■ **Data for this task**
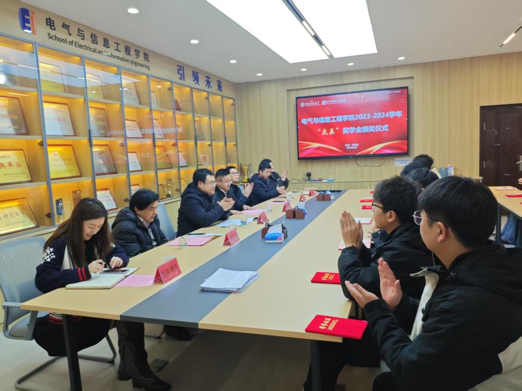 2023-2024学年“众辰奖学金”颁奖仪式在秀山校区电气楼308室隆重举行。上海众辰科技股份有限公司董事会秘书兼财务总监徐文俊、人力资源总监兼运营总监张广良,09届校友代表康林,博彩
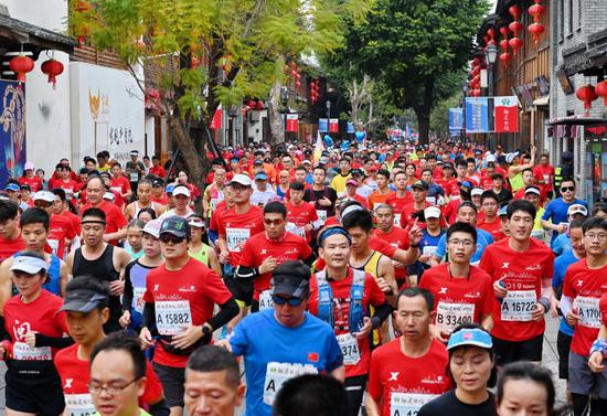 2019年12月15日,福州国际马拉松在福建省福州市五一广场鸣枪开跑。参赛选手在比赛中跑过福州三坊七巷。新华社记者林善传摄
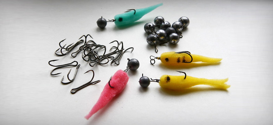 - При желании окрасьте поролоновую рыбку. В последнюю очередь навешивается тройник или другие крючки.
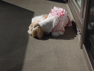 ベランダでお昼寝してるもんちゃん
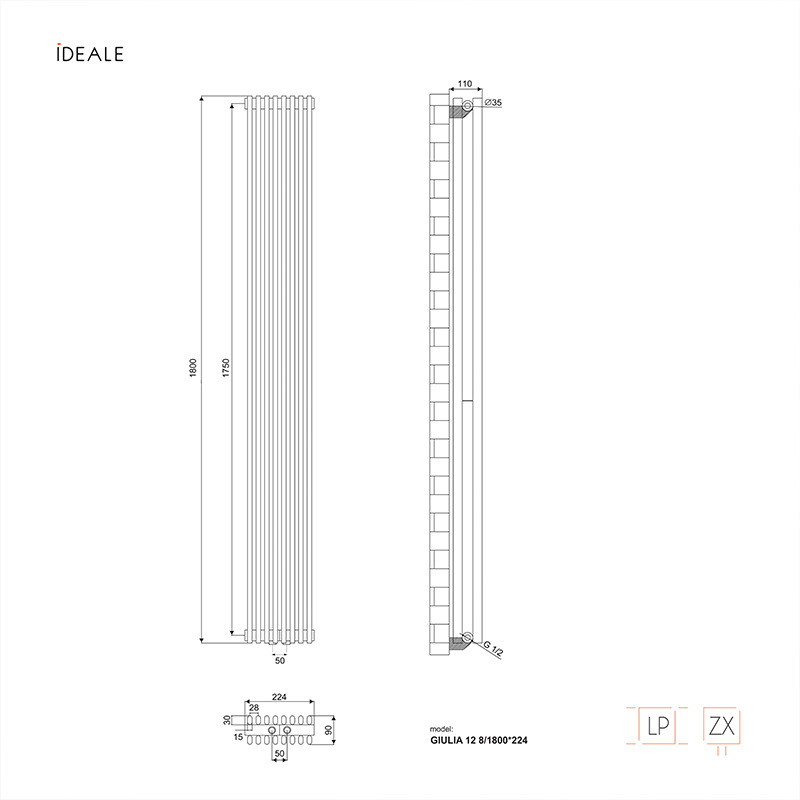Радіатор дизайнерський Ideale Giulia 12 8/1800/224 білий
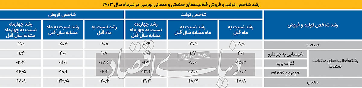 در تیرماه سال ١٤٠٣، شاخص تولید و فروش شرکتهای صنعتی بورسی نسبت به ماه مشابه سال قبل کاهش ۳.۵ و ۵.۴درصدی را تجربه کرده است؛ همچنین شاخصهای تولید و فروش نسبت به ماه قبل کاهش ٨ و ۹.۸درصدی داشتهاند. نکته قابلتوجه در این گزارش این است که در تیرماه امسال از بین ١٥رشتهفعالیت صنعتی بورسی، تنها ٤رشتهفعالیت افزایش در شاخص فروش و ١١رشتهفعالیت کاهش در شاخص فروش را تجربه کردهاند. همچنین از بین ١٥رشتهفعالیت صنعتی بورسی، ٦رشتهفعالیت افزایش در شاخص تولید و ٩رشتهفعالیت کاهش در شاخص تولید را ثبت کردهاند.
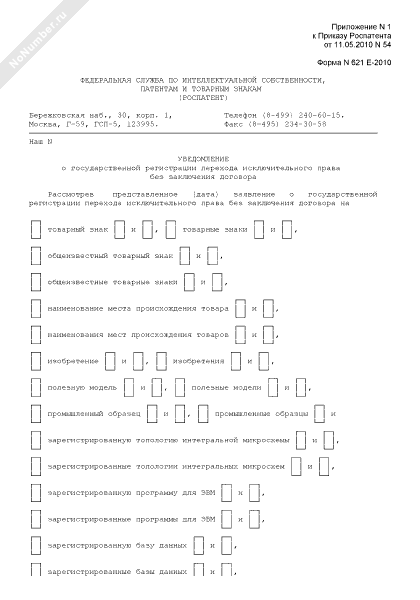 - 330Уведомление о государственной регистрации перехода исключительного права без заключения договора. Форма № 621 Е-2010
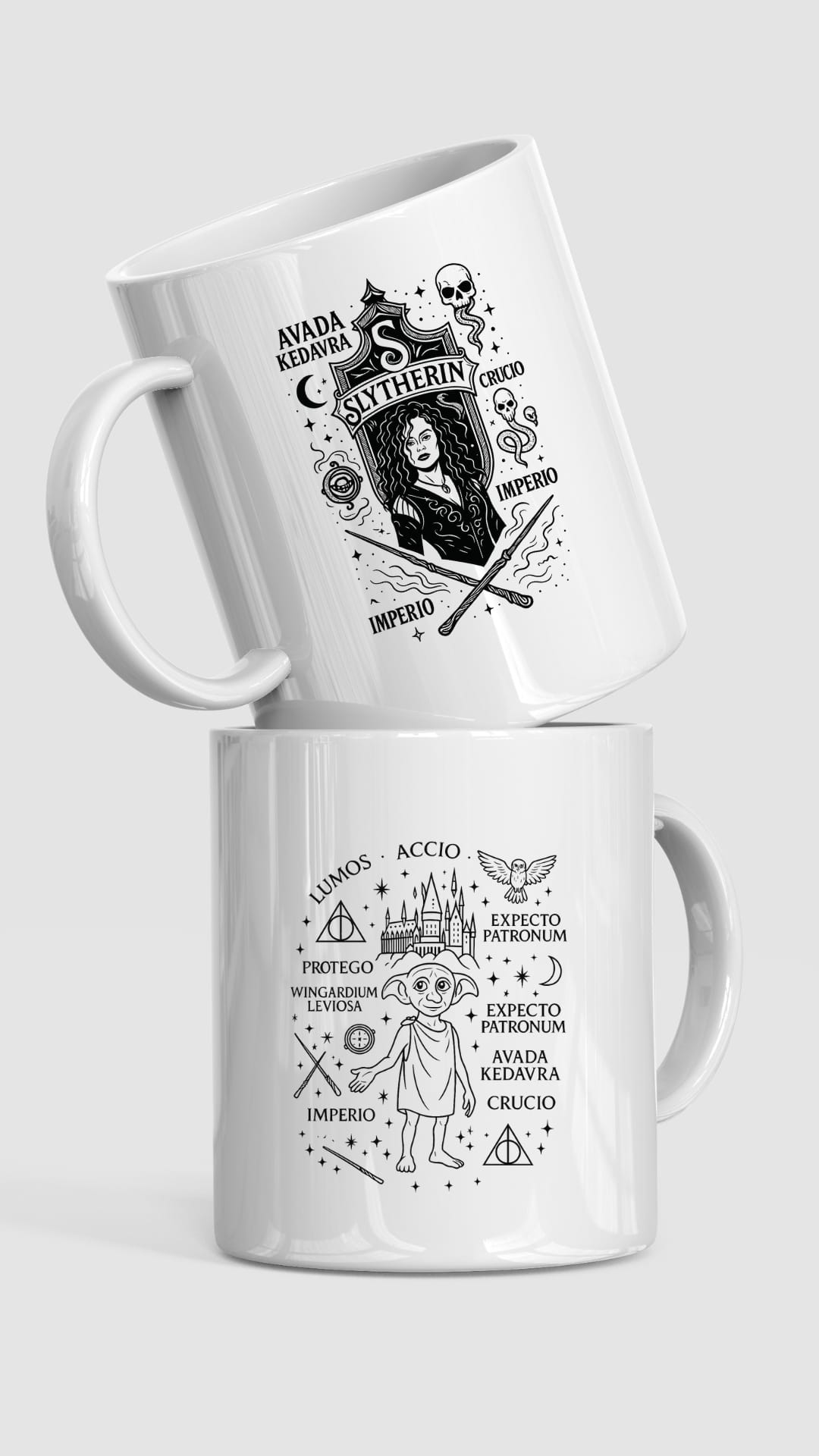 Bring the magic of Hogwarts into your daily ritual with this enchanting Magic Mug, designed for true lovers of spells, stars, and wizardry. Featuring iconic incantations like Lumos, Accio, and Expecto Patronum, along with a mystical black-line illustration of Dobby surrounded by Hogwarts symbols, this witchy cup is both whimsical and powerful.
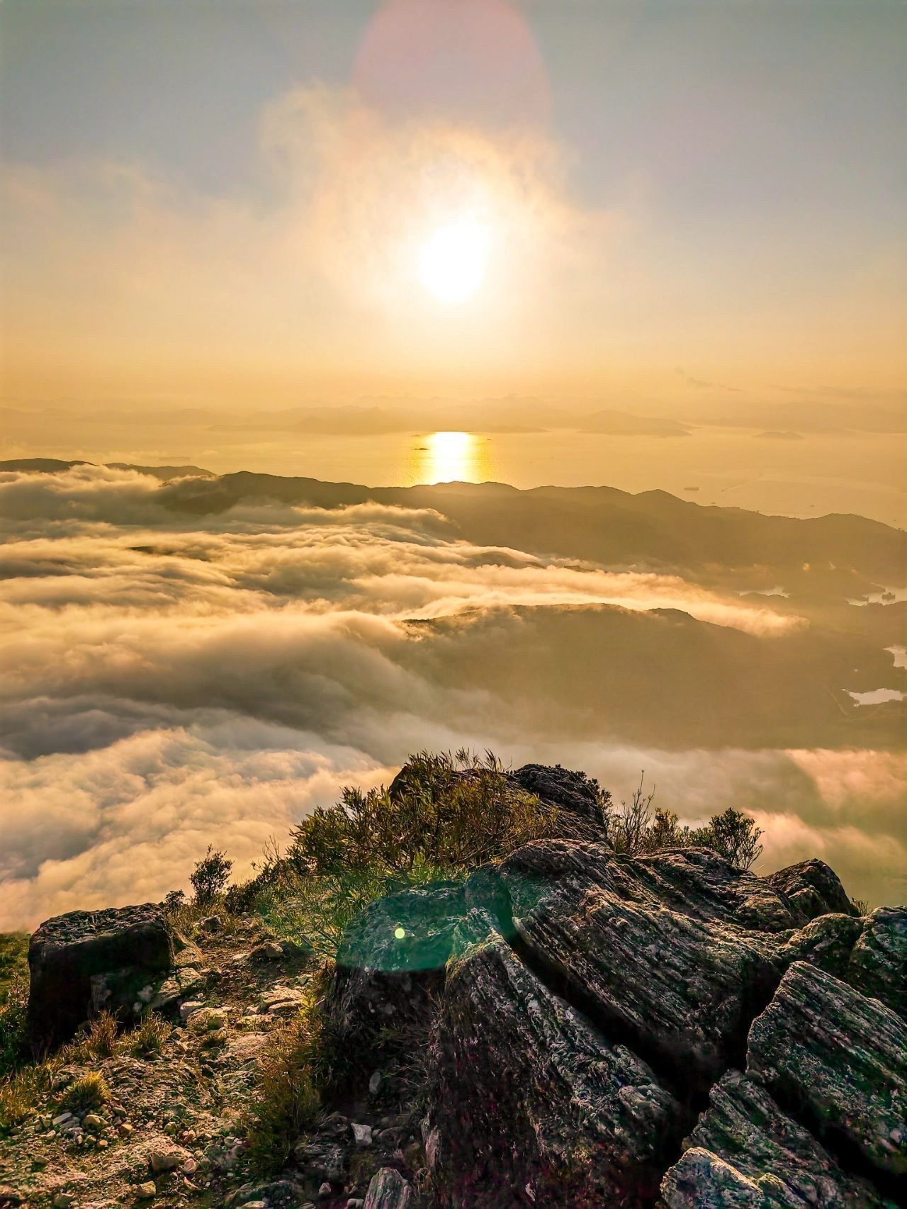 天气好的时候能偶遇云海,云雾涌起时,使人仿佛置身于仙境之中,还可以远眺山海径、杨梅坑、东西冲、大亚湾等海景。
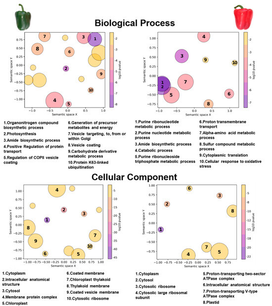 Gene ontology (GO) functional classification obtained for persulfidated proteins of pepper fruits. The scatterplots show GO terms as circles arranged such that those that are most similar in semantic space X and Y are placed nearest to each other. In this case, those proteins that appear exclusively at each stage of ripening have been analyzed, either green fruits (left panels) or red fruits (right panels), and the most enriched terms are shown. The number that appears inside each circle indicates which category proteins belong to. The size of the circles is directly proportional to the number of proteins in each sub-category that fall under each main category according to our data. The distance between the circles indicates a direct relationship between the categories. The p-value indicates the statistical significance of the GO category enrichment in our results.
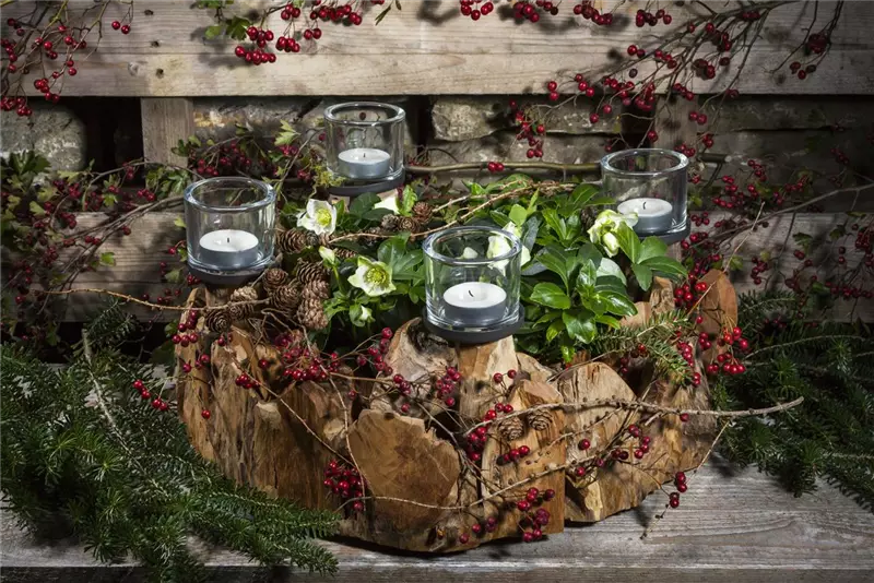 Kein Problem, auch nicht bei wenig Zeit. Dann greift man zur klassischen Variante. Wenn Sie das Grün aus dem eigenen Garten holen können – umso besser! Selberbinden macht wenig Arbeit. Die Tannenzweige zuschneiden, auf einen handelsüblichen Rohling legen und mit Draht befestigen. Vier Kerzen hinzufügen ist auch schnell getan. Schon bei deren Farbe beginnt Ihr Kranz jetzt individuell zu werden. Erst recht macht die Dekoration die persönliche Note aus. Die Gewächse mit den leuchtenden Beeren haben nun ihren großen Auftritt, zum Beispiel der Feuerdorn. Schon ein paar kleine Zweige peppen den Kranz auf. Efeu ist auch nicht nur zum Verschönern von Fassaden gut. Als Kranzschmuck findet er eine weitere Aufgabe. Weihnachtskugeln, passend zu den Kerzen, machen die Sache schon rund. Figuren aller Art steckt man je nach Geschmack noch ins frische Grün. Immer beliebter werden Bänder aus edlen Stoffen oder sogar Perlen, die man leger-kunstvoll hinzufügt. Sie haben noch Früchte von Ihrem Nussbaum übrig? Legen Sie sie in die leere Mitte, zusammen mit Orangen oder Äpfeln.
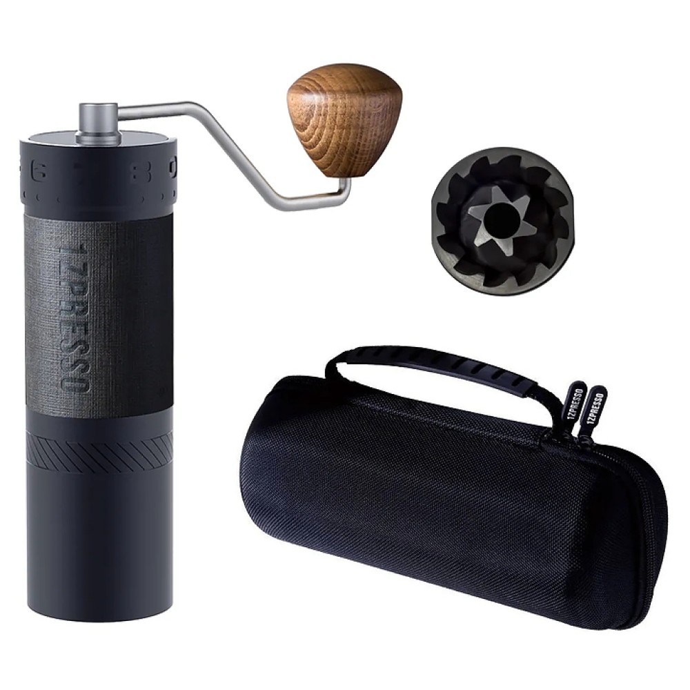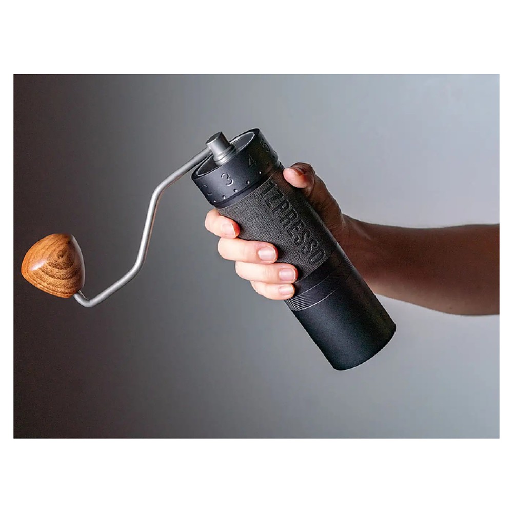 Ручная кофемолка 1Zpresso J-max используется на предприятиях общественного питания и торговли, в офисах и частных домах для получения молотого кофе из зерен. Модель оснащена большими жерновами. Жернова выполнены из нержавеющей стали с титановым напылением.

■ **What the task requires**
Within the material above, find the part that opens with the line containing "- При желании" and closes with the line containing "- 330Уведомление о", and reproduce it exactly without the pictures.

■ **Written reply**
 - При желании окрасьте поролоновую рыбку. В последнюю очередь навешивается тройник или другие крючки.
 ベランダでお昼寝してるもんちゃん
Радіатор дизайнерський Ideale Giulia 12 8/1800/224 білий
 در تیرماه سال ١٤٠٣، شاخص تولید و فروش شرکتهای صنعتی بورسی نسبت به ماه مشابه سال قبل کاهش ۳.۵ و ۵.۴درصدی را تجربه کرده است؛ همچنین شاخصهای تولید و فروش نسبت به ماه قبل کاهش ٨ و ۹.۸درصدی داشتهاند. نکته قابلتوجه در این گزارش این است که در تیرماه امسال از بین ١٥رشتهفعالیت صنعتی بورسی، تنها ٤رشتهفعالیت افزایش در شاخص فروش و ١١رشتهفعالیت کاهش در شاخص فروش را تجربه کردهاند. همچنین از بین ١٥رشتهفعالیت صنعتی بورسی، ٦رشتهفعالیت افزایش در شاخص تولید و ٩رشتهفعالیت کاهش در شاخص تولید را ثبت کردهاند.
 - 330Уведомление о государственной регистрации перехода исключительного права без заключения договора. Форма № 621 Е-2010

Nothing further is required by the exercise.